If derivative goes to $0$, does the function have a limit?

Question

Let $f:\mathbb{R}\to\mathbb{R}$ be a differentiable function. Assume that $\lim_{x\to\infty}f'(x)=0$, does that mean that $\lim_{x\to\infty}f(x)$ exists?

PS. What if we assume that $f$ is also bounded?

Answer 1

Not necessarily. Consider $f(x)=\sin(\ln(x))$. Then $f'(x)=\frac1x\cos(\ln(x))\to0$, but $f(x)$ diverges, as it reaches $-1$ and $1$ infinitely often.

Answer 2

Not necessarily.

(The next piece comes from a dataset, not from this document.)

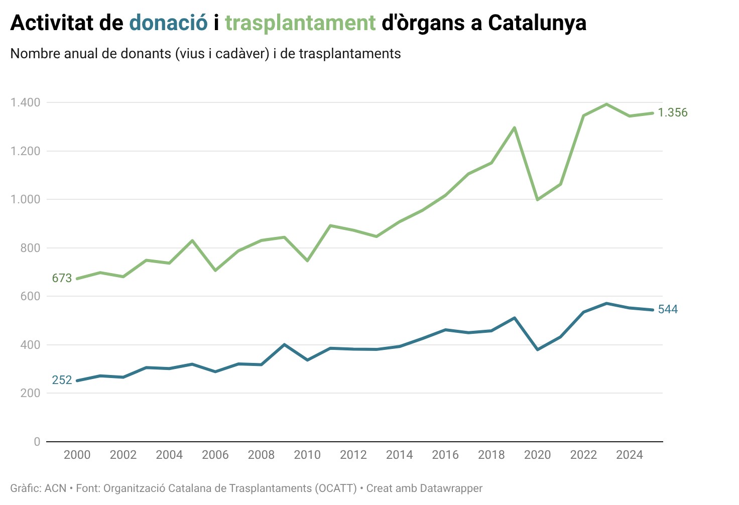 ACN Barcelona – Catalunya va fer 1.356 trasplantaments d’òrgans el 2025, un 0,8% més que el 2024 (1.345) i la segona millor xifra de la història, segons el balanç de l’Organització Catalana de Trasplantaments (OCATT). La millor dada es va donar el 2023 (1.393). La majoria dels trasplantaments del 2025 van ser renals, amb un total de 945 i un increment del 3,6% respecte del 2024; seguits dels hepàtics, amb 206 (-8%); els cardíacs, amb 68 (+4,6%); els pulmonars, amb 110 (+4,8%); i els pancreàtics, amb 27 (-30,8%). Pel que fa als donants, hi va haver 370 cadàvers (-2,9%) i 174 vius (+1,8%). L’OCATT ha alertat que les negatives familiars a la donació continuen pujant, fins a situar-se en el 27,6% del total de les entrevistes familiars fetes l’any passat.

See $f(x)=\ln x$:

$$\lim_{x\to \infty}f'(x)=\lim_{x\to\infty}\frac 1 x=0$$ $$\lim_{x\to\infty}f(x)=+\infty$$

Answer 3

No. Consider the function defined by cos(x) on [0,2pi], cos((x/2)-pi) on [2pi,6pi] and so on.

Answer 4

No.

Consider $\lim_{t\to\infty}f'(t)=0$

and

$\lim_{x\to\infty}f(x)-f(a)=\lim_{x\to\infty}\int_{a}^{x}f'(t)dt$ and $a\geq0$.

In this case, that integral converges if $f(a)$ exists for all $a\geq0$. for example the function $f(x)=\ln x$ doesn't satisfy that condition.

And if that integral converges, the limit exists.